Transcribe the data exactly. Pictures stay out.

Start of THE DATA

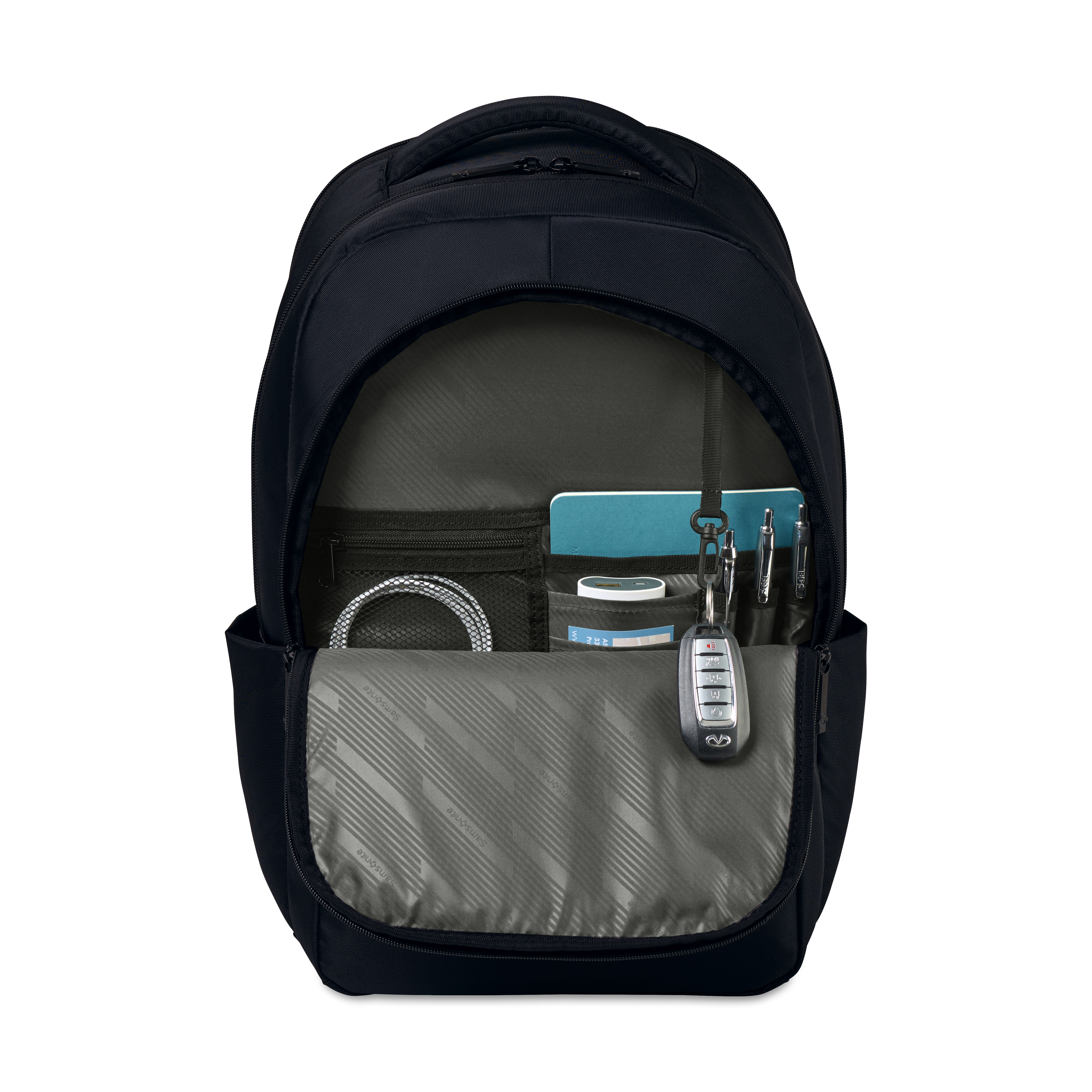 Smart design for business on the move. The Samsonite Fox Chapel Laptop Backpack combines modern style with professional function, featuring a padded 15.6" laptop compartment, 10" tablet pocket, and multiple organizers. With breathable padding, water bottle pockets, and a StackIt™ strap for luggage, it’s built for daily commutes and travel.
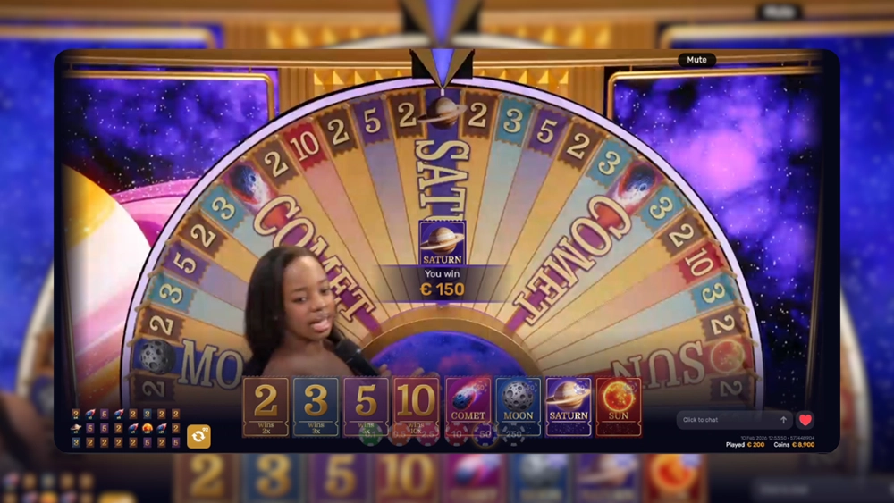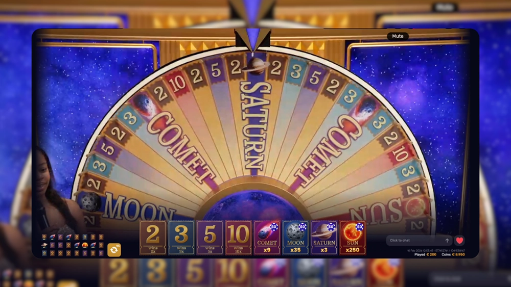 In terms of format, this variant is similar to popular games such as Dream Catcher and Crazy Time. However, unlike these variants, there are no bonus rounds here. The wheel consists of 54 segments. Players can place bets on eight outcomes, including fixed numbers and planet symbols with dynamic multipliers. All multipliers are assigned after betting closes and the wheel stops spinning.
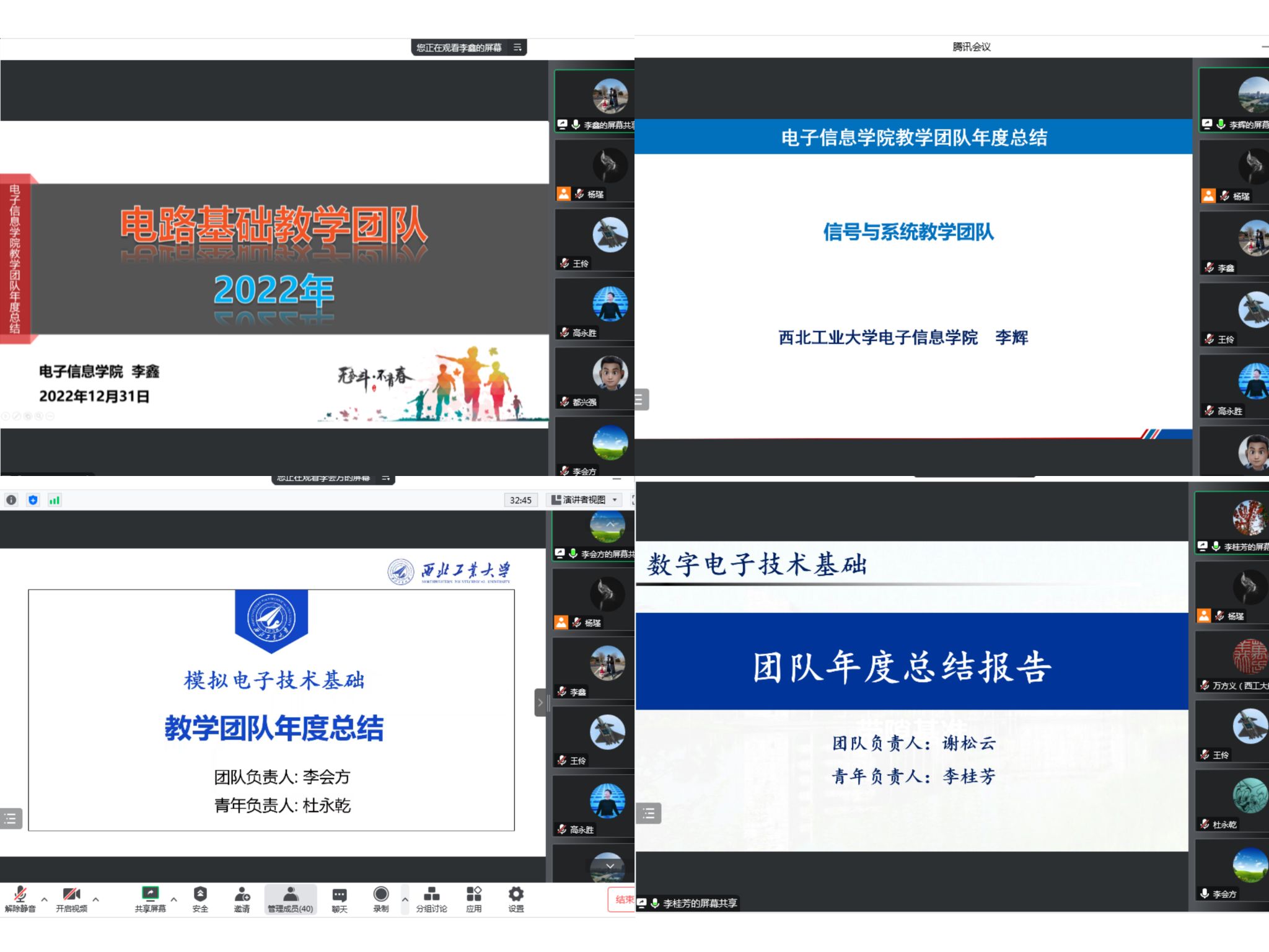 为认真学习贯彻党的二十大精神,落实学校一流本科人才培养行动计划,进一步推进基层教学组织建设,培养可持续发展的教师队伍,根据《电子信息学院教学团队建设与管理办法》文件精神,2022年12月31日,电子信息学院线上召开了首批8个本科教学团队年终考核评审会。评审会特邀材料学院副院长王永欣、航空学院副院长万方义、计算机学院副院长郭斌、电子信息学院院长王伶、副书记高敏、副院长姚如贵、张洵颖、高永胜及教师代表万国宾组成评审小组。各教学团队负责人、成员参加了本次评审会。

End of THE DATA

▸ TASK SOLUTION
 Smart design for business on the move. The Samsonite Fox Chapel Laptop Backpack combines modern style with professional function, featuring a padded 15.6" laptop compartment, 10" tablet pocket, and multiple organizers. With breathable padding, water bottle pockets, and a StackIt™ strap for luggage, it’s built for daily commutes and travel.
 In terms of format, this variant is similar to popular games such as Dream Catcher and Crazy Time. However, unlike these variants, there are no bonus rounds here. The wheel consists of 54 segments. Players can place bets on eight outcomes, including fixed numbers and planet symbols with dynamic multipliers. All multipliers are assigned after betting closes and the wheel stops spinning.
 为认真学习贯彻党的二十大精神,落实学校一流本科人才培养行动计划,进一步推进基层教学组织建设,培养可持续发展的教师队伍,根据《电子信息学院教学团队建设与管理办法》文件精神,2022年12月31日,电子信息学院线上召开了首批8个本科教学团队年终考核评审会。评审会特邀材料学院副院长王永欣、航空学院副院长万方义、计算机学院副院长郭斌、电子信息学院院长王伶、副书记高敏、副院长姚如贵、张洵颖、高永胜及教师代表万国宾组成评审小组。各教学团队负责人、成员参加了本次评审会。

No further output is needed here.